You can search on "loading" in Training part of the forum - we have threads like every month (or even more often). So you can read all helpful advices from different people (I'm not going to repeat even).

But here's what I do/use.

1) I always put head bumper on my paint. Because she has a nasty habit of throwing her head up and with her height coupled with long neck she may easily hit the ceiling. I never put head bumper on my qh because it's simply not needed.

2) I need 2nd person to load my paint (because I have to tie her inside), I can unload her myself by unhooking her halter through the window and then open half of the door and put the rope on before I let her out. Mind you I have slant, so she can turn and wait for me to open the door (which she does).

3) Most of the times horses are too busy in trailer to keep the balance, so they don't have much of an option to go wild (and adding a hay and (if possible) open window really keep them occupied).

Good luck!
I read through a bunch of posts yesterday on trailering. I read some helpful issues, but most were directly related to a specific issue the handler was having.
This is a straight load, so they will need to back out. Should I go through the emergency door and clip the lead, while someone opens the back door?

I will exude confidence but i'll probably be shaking, lol. I trust my horses, they are both awesome. I just don't know much about trailering. I really want them to become pros at it so its not an issue after a while.

Should I buy shipping boots for both? That's quite expensive. If not, what if I just wrap their legs with polos?
     
    10-17-2011, 12:03 PM
  #5
Showing
Shipping boots didn't work well for me, frankly. My paint managed to step on and pull them off constantly. So I went with shipping wraps + bell boots on front. Still not cheap. I don't know about polo wraps so will leave it for someone else to answer.

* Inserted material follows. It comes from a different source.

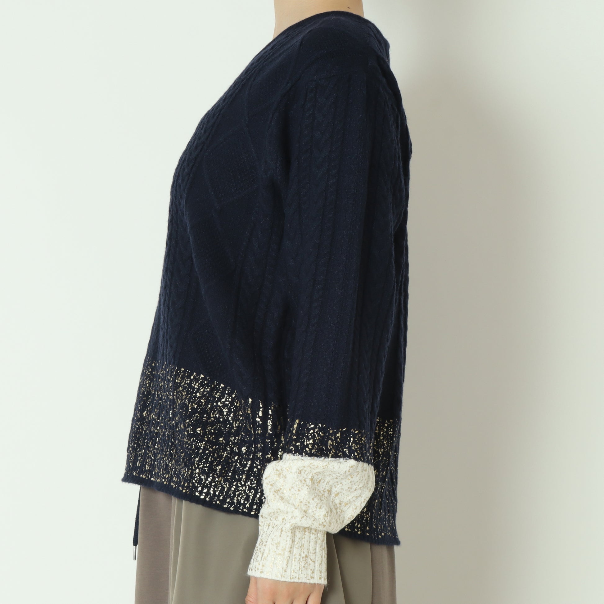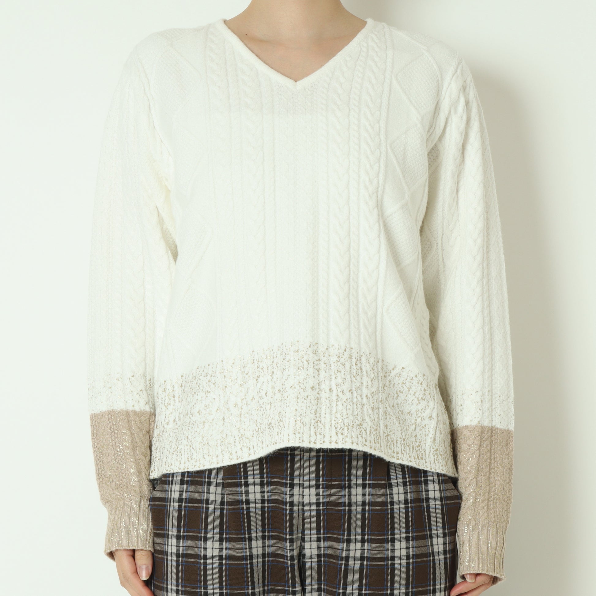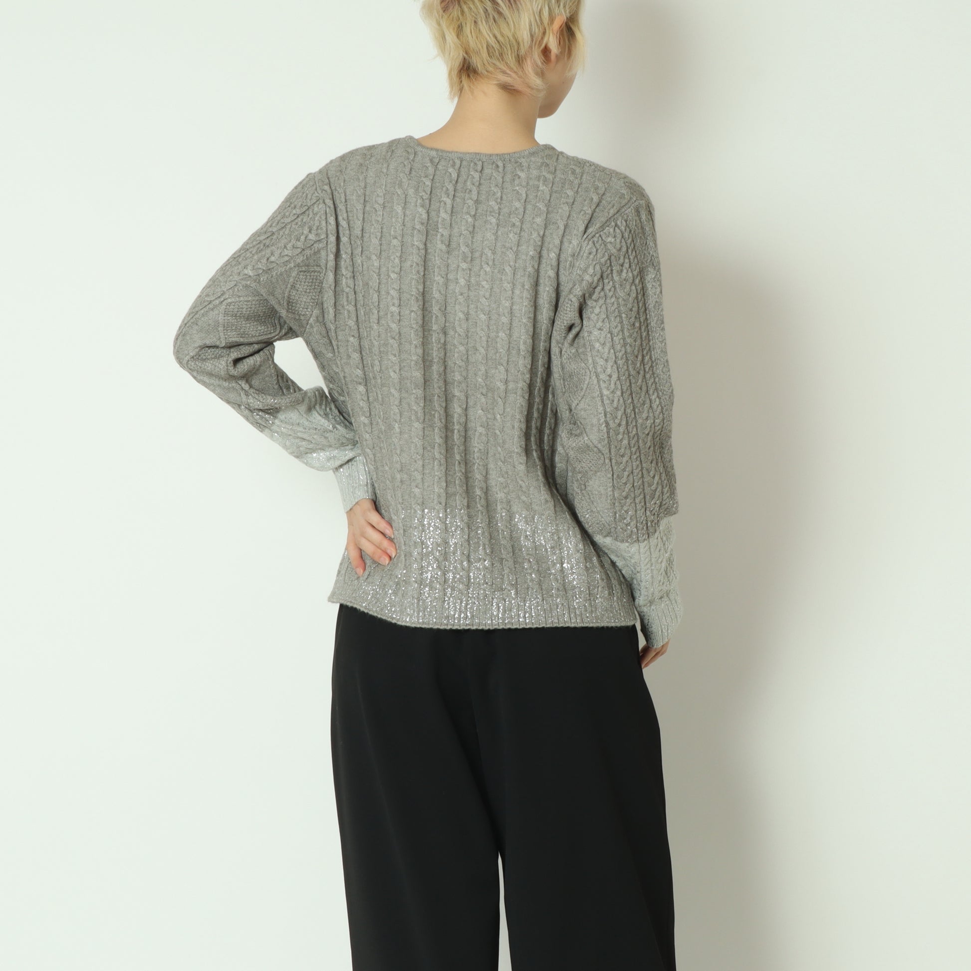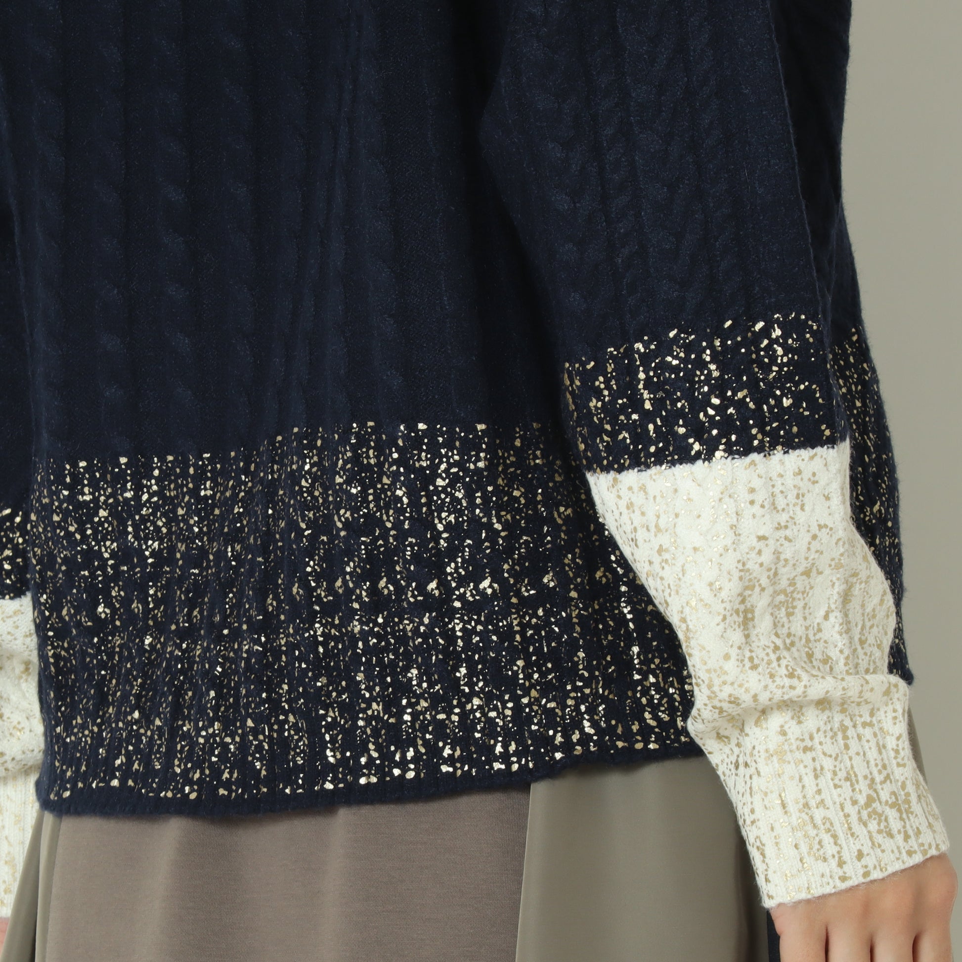 裾と袖に箔コーティングを施したデザイン性のあるVネックプルオーバー。

So did they load ever or you have to teach them? If they had loading experience and calm horses I doubt you should have any problem. The way my neighbor does it (I have slant, so I do it differently), she walks the horse in, and while I keep the lead standing on front she close the back doors. Then we tie the rope. Horse usually is just busy with the hay right away. No fuss. :)
     
    10-18-2011, 06:35 PM
  #6
Trained
I trailer alone all the time. I just send my horse into the trailer and put the butt bar up behind him.
     
    10-19-2011, 01:15 AM
  #7
Green Broke
Can't answer the straight pull questions for you but for the rest.
-Borrow someone's horse that doesn't have issue loading, load them in first then one of your horses. Do this several times until your horses just jump right in.
-No matter how nervous you are act like there isn't going to be a problem loading and likely your horse will go right in.
-Load them up, go for a short drive and bring them back. If you take them out to ride everytime some horses decide that means they have to work and so wont load.
-Try trailering without bumper caps first, only use them if your horse likes to dent the top of the trailer. Most horses figure out that steel on noggin hurts and only do it once or twice. Slow learners, stubborn mules and those that like to panic wont learn and need caps.
-Have someone show you the ropes on trailering by riding along while they drive. There are tricks to trailering to minimize your horses from getting tossed around. A forgiving horse will suffer quietly and still load. A non-forgiving horse quickly figures out you can't drive and wont load.